Caudle – another try

02.11.2017 by Rotschopf in Medieval cooking

You may remember my try in cooking this alcoholic beverage last year.

I always wanted to try another recipe though, this time using wine and almond milk.

“Take & make a gode mylke of Almaundys y-draw vppe with wyne of Red, whyte is beterre; if it schal be whyte, then strayne yolkys of Eyroun ther-to a fewe. Put ther-to Sugre & Salt, but Sugre y-now; then when it begynneth to boyle, sette it out, & almost flatte; serue it then forth, & euer kepe it as whyte as thou may, & at the dressoure droppe Alkenade ther-on, & serue forth; & if thou wylt haue hym chargeaunt, bynd hym vppe with fflour [of] Rys, other with whetyn floure, it is no fors. And if thou wolt, coloure hym with Safroun, & straw on pouder y-now, & Sugre y-now, & serue f[orth].”
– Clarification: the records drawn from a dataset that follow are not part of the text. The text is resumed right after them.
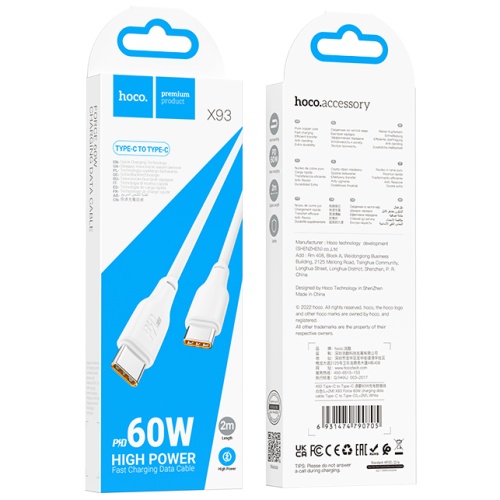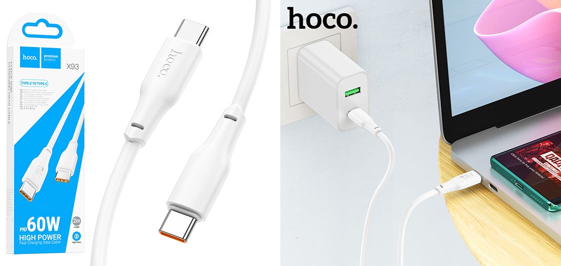 USB Hoco X93 Force Type-C до Type-C – це универсальний кабель, який підтримує передачу даних, може використовуватись для заряджання смартфонів, планшетів та навіть деяких моделей ноутбуків. Аксесуар відрізняється винятковою надійністю та тривалим терміном служби, здатний гарантувати абсолютну безпеку процесу заряджання.
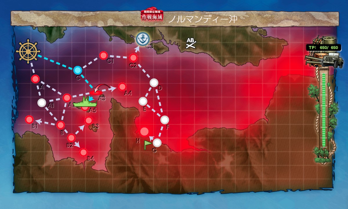 スタート→C:能動分岐→A3:空襲(第三)→A5:水上(第二)、と進行
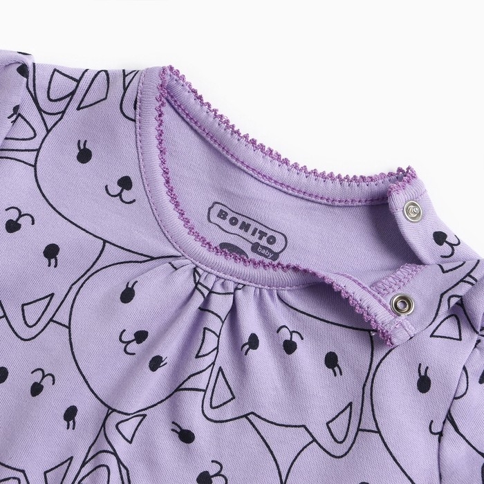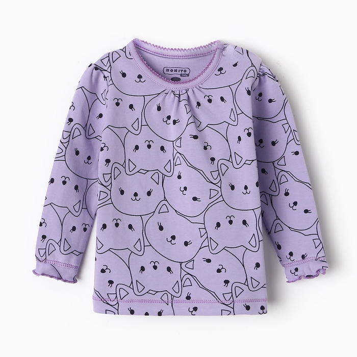 Лонгслив детский, цвет лиловый/котята, рост 62 см

(Two Fifteenth Century Cookery-Books, Harleian MS. 279 (um 1430)

 

We need white wine, almond milk, sugar, rice flour, eggs, saffron and pinch of salt.

I used about 1/2 l of almond milk and 1/2 l of wine, which I heated with some saffron, it began to foam quite a lot, but it stopped after a time.

  

I separated the 2 eggs and mixed the yolks with app 3 tablespoons of brown sugar (sorry, did not take photos of that, I had to be quick, just stir thoroughly until the eggs and the sugar blend nicely)

When the liquid is hot (not boiling), take it from the heat and ad it to the egg-sugar mixture gradually while mixing with a whisk. Never add the egg to the hot whine, the egg will boil and curdle. When you have added about half of the liquid to the egg, put everything back into the pot and heat again (don’t boil) and keep stirring.

The liquid will thicken a bit in the next 10-15 minutes. You could leave it as is and drink it like that, but I like it even thicker. So I mixed about 2 tablespoons of rice flour with water and added it to the liquid, while still on the heat. It will thicken to a rich milkshake-like texture.

Leave on the heat a bit and then pour into a glass or cup.

This tastes absolutely awesome. I ate cream puffs with wine cream once, that was very similar. By the way, this is really saturating, you only need a small glass for everyone.